La central nuclear de Cofrentes ha trasladado 46,5 toneladas de uranio gastado de sus piscinas al nuevo almacén seco construido en la planta. La operación ha permitido liberar el espacio necesario para poder afrontar la recarga de combustible que Iberdrola (propietaria de la planta) ha programado para el próximo mes de noviembre. Las piscinas estaban al 99,08 % de ocupación y tras el traslado del combustible gastado se encuentran al 94 %. Iberdrola se ha visto obligada a construir un almacén seco (que técnicamente se llama Almacén Temporal Individualizado -ATI-) tras la demora del proyecto de un Almacén Temporal Centralizado en algún punto de España que asuma los residuos nucleares de todo el país. Este almacén se iba a ubicar en Villar de Cañas (Cuenca), pero actualmente está paralizado. Al margen del combustible, durante julio y agosto se generaron 97 bidones de residuos de baja y media actividad y se entregaron 63 a Enresa (Empresa Nacional de Residuos Radioactivos) para su traslado al centro de almacenamiento de El Cabril en Hornachuelos (Córdoba). La central de Cofrentes todavía almacena 9.333 bidones de residuos de baja y media actividad.
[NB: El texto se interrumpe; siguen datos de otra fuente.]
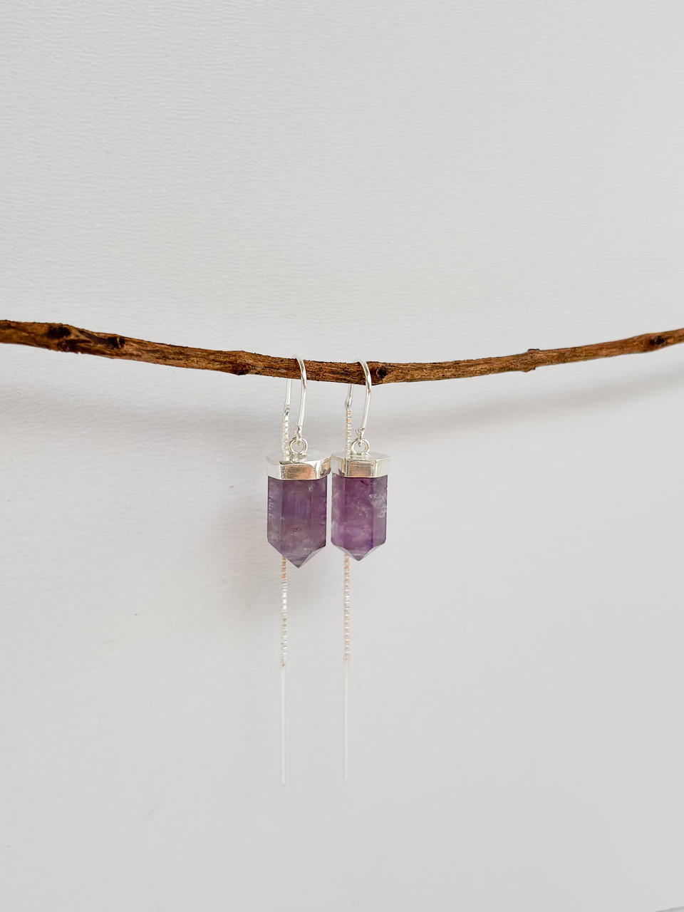 Inspirado na deusa lunar Selene, divindade grega que personifica a própria Lua em sua plenitude, o brinco Selene evoca mistério, beleza e um encantamento suave. Com seu design etéreo — uma corrente veneziana delicada em prata 925 e uma ponta de ametista natural lapidada — essa peça flutua junto ao movimento do corpo como um sopro de luz noturna.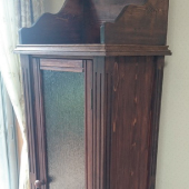 DIYで創作されたアンティークなキャビネットの扉ガラスに、梨地柄のキャセドラルクリアをご使用いただいた例です。

La planta valenciana ha sido recargada 22 veces desde que empezó a operar hace 36 años y todo el combustible gastado hasta ahora se ha ido almacenando en las piscinas de la central (cuya función principal es el enfriamiento inmediato de las barras de combustible).

En España, la responsabilidad de la gestión del combustible nuclear gastado es del Estado y se recoge en el VI Plan General de Residuos Radioctivos (PGRR). La solución contemplada por el PGRR es la construcción del Almacén Temporal Centralizado, aunque el documento abrió la posibilidad a la instalación de Almacenes Temporales Individualizados en cada una de las centrales españolas. Hasta ahora estaban en funcionamiento en las plantas de Trillo, Zorita, Ascó y Almaraz y en 2022 va a entrar en servicio el de la central de Garoña. El ATI de Cofrentes se empezó a construir en 2019 con el objetivo de que estuviera listo antes de la recarga que se va a cometer en noviembre para liberar espacio de las piscinas. En la primera carga de combustible gastado del almacén seco de Cofrentes se han trasladado las 46,5 toneladas de uranio gastado y quedan en las piscinas otras 763,6 toneladas, según fuentes cercanas a la operación.

Iberdrola va a aprovechar la recarga de combustible para cambiar el interruptor principal de generación y un rotor de la turbina principal de baja presión. «Son trabajos de renovación y modernización», aclararon desde Iberdrola. La compañía destacó que ha invertido 450 millones en la modernización de la planta en los últimos 10 años.